I'd returned to the flat I shared with my partner half an hour earlier, after finishing my shift at the bakery nearby; I'd been covered with sugar, with flour and with sweat as the bakery's kitchen had been as hot and as messy as it ever was, despite the October chill that was draped across London streets. That day's orders were filled with pumpkin pies, with sticky toffee apples, and a hundredweight of gingerbread men in various Halloween disguises. My personal favourite had been the spicy biscuits iced like Dracula. Whilst normally I enjoyed Halloween at the bakery, I was forever glad when it was over for the year, and things quietened down until Christmas rolled around. If Halloween was busy, then Christmas was even worse.

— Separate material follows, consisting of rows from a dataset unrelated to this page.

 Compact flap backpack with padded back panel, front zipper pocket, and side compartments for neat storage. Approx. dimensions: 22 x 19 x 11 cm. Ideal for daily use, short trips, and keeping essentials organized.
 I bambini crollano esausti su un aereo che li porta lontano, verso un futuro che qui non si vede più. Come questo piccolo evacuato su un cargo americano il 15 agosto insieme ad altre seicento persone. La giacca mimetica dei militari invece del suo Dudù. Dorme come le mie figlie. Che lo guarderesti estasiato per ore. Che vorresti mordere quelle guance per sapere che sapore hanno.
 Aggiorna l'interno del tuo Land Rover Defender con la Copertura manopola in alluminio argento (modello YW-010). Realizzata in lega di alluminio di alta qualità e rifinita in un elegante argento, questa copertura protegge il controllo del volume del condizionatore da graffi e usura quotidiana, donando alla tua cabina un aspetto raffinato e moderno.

My partner, Ben, had been seemingly engrossed in watching something unknown outside, when I'd entered the flat, barely aware of my roared greeting somewhere in the vicinity of his ear. He'd nodded, smiled, accepted my kiss, then complained of my sticky body and gingerbread pumpkin flavoured sweat. I'd immediately taken the mumbled, distracted hint and taken a shower, despite being curious as to what he'd been watching; his playful shove in the vicinity of my icing smeared, t-shirt covered belly was further incentive to move.

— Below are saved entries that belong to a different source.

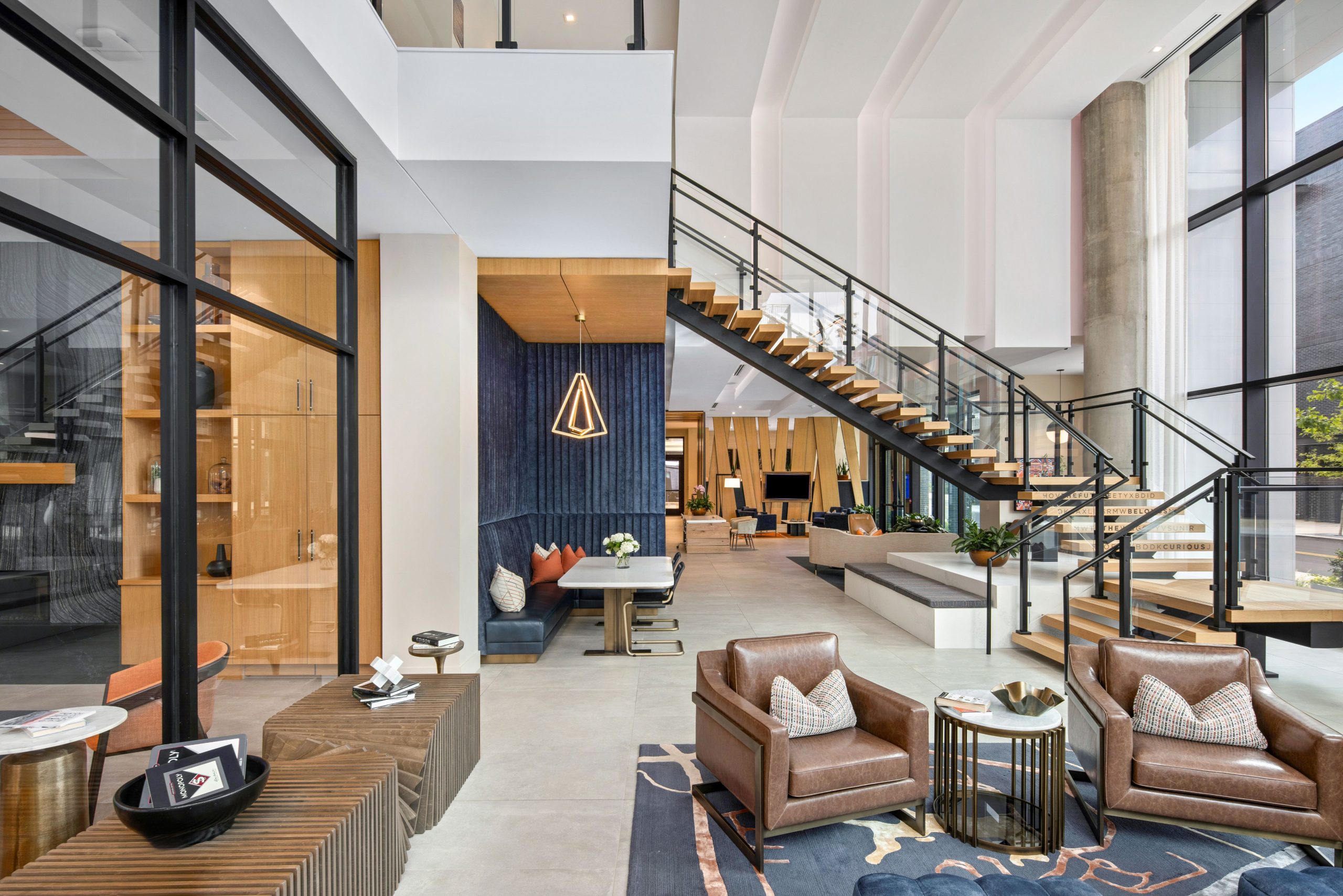 features a 2-story lobby area with a cyber
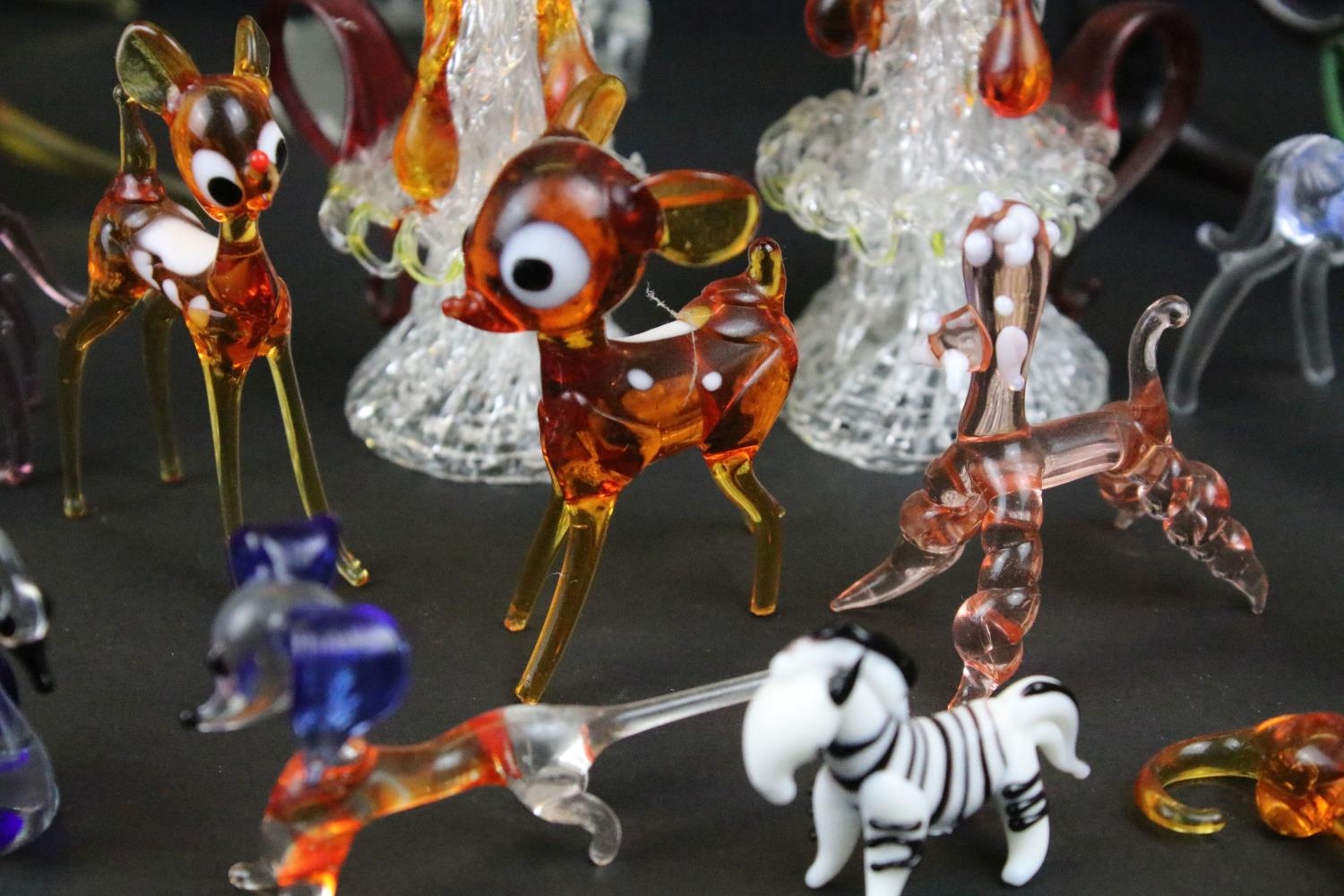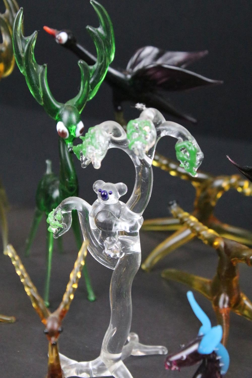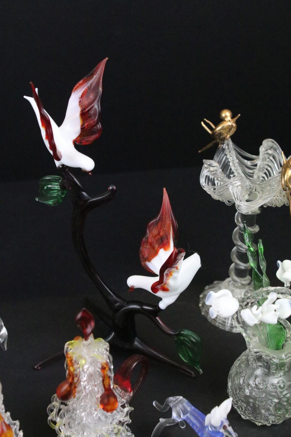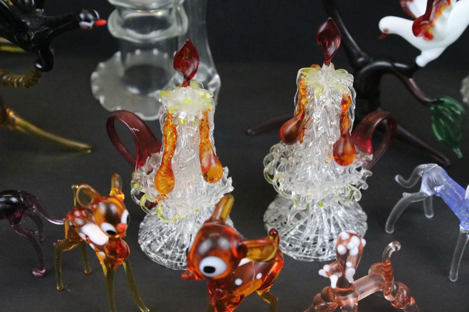 Over 30 Murano glass figures to include Doves, Swans, Dogs, Deer and many more
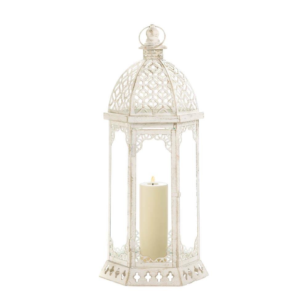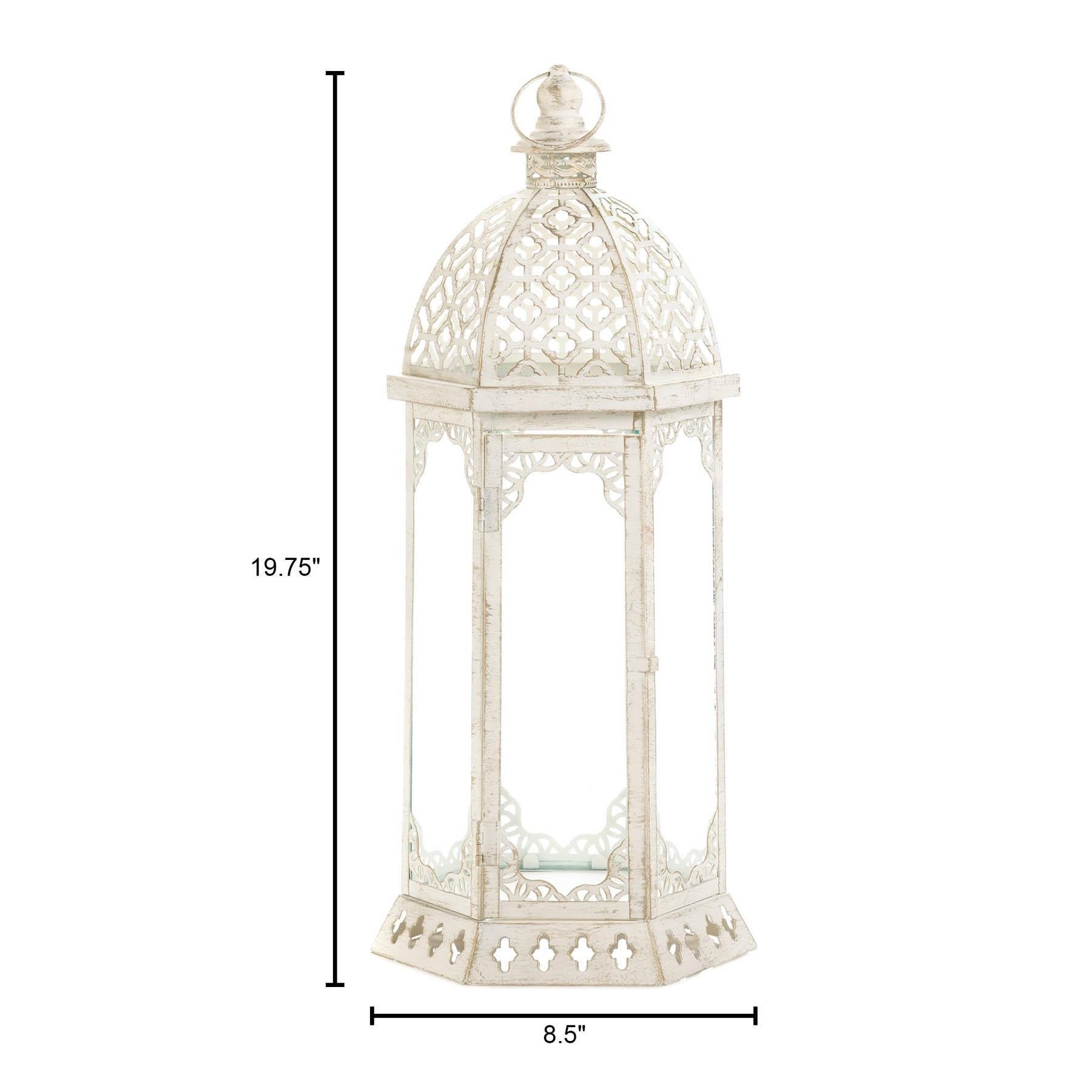 Turn candlelight into a grand affair with this glorious iron candle lantern. Its vintage white finish is the perfect complement to its embellished cutouts and flourishes, and the clear glass panels are the perfect way to showcase your favorite candle.

From outside came the first delighted screams of Trick-Or-Treaters as they wound through the streets in a colourful cavalcade of costumes, each small head covered in a myriad of hats - witch-demon-pirate-fairy godmother. I even saw someone dressed as a brown monkey, which I didn't understand. As far as I knew, monkeys weren't scary, nor were they typically associated with Halloween.

"There's a hole beneath the train tracks, again," Ben finally replied, as he cast an amused glance over his shoulder at me.

"Again? Isn't that the second hole they've found this month?" I asked, as I padded closer to him, to rest my hands upon his hips, and my chin upon his shoulder, before I joined him in staring out of the window.

As Ben had said, many of the National Railway men associated wuth station and railway alike were milling around, either staring down at the hole itself or seemingly flapping around, not doing an awful lot of anything.

"Hmm-hmm, it is," Ben said, as he nodded and turned his attentions back to the tracks outside. "I think there's definitely a problem there. Anyway, Dylan, we'd best get away from the window, otherwise they'll notice that we're nosing."

"Says the man who's been staring out at them for half an hour," I teased, as I pinched and twisted at the flesh of his slightly chubby hip playfully. "Come on, what do you say to a bite to eat and a cup of coffee?

I'm fair starved."

"I don't know how the hell you can look at food all day and still remain hungry," Ben said, as he shook his head in amused amazement at me.

I merely grinned, in return and shrugged, even as I led him into the kitchen by the hand; I pressed him down to sit at the table gently. Ben sighed and relaxed, content to let me do the cooking as usual; my partner was absolutely hopeless at the pursuit and was the type of man talented enough to be able to burn water. Even his toast turned out inexplicably soggy after he'd simply popped the bread in the toaster. I guessed that that was why I was the baker of the partnership and he wasn't; cooking and Ben Reagan did not mix.

I whipped together his favourite snack of French toast, complete with a typically seasonal pumpkin spice coating and a glass of freshly pulped apple juice to wash it down with. Ben grinned greedily when I slid his treat before him, and began to wolf it down, even before I'd taken my own place at the table. I tutted, and shook my head at him, yet predictably, he took no notice of me. Instead, he continued eating.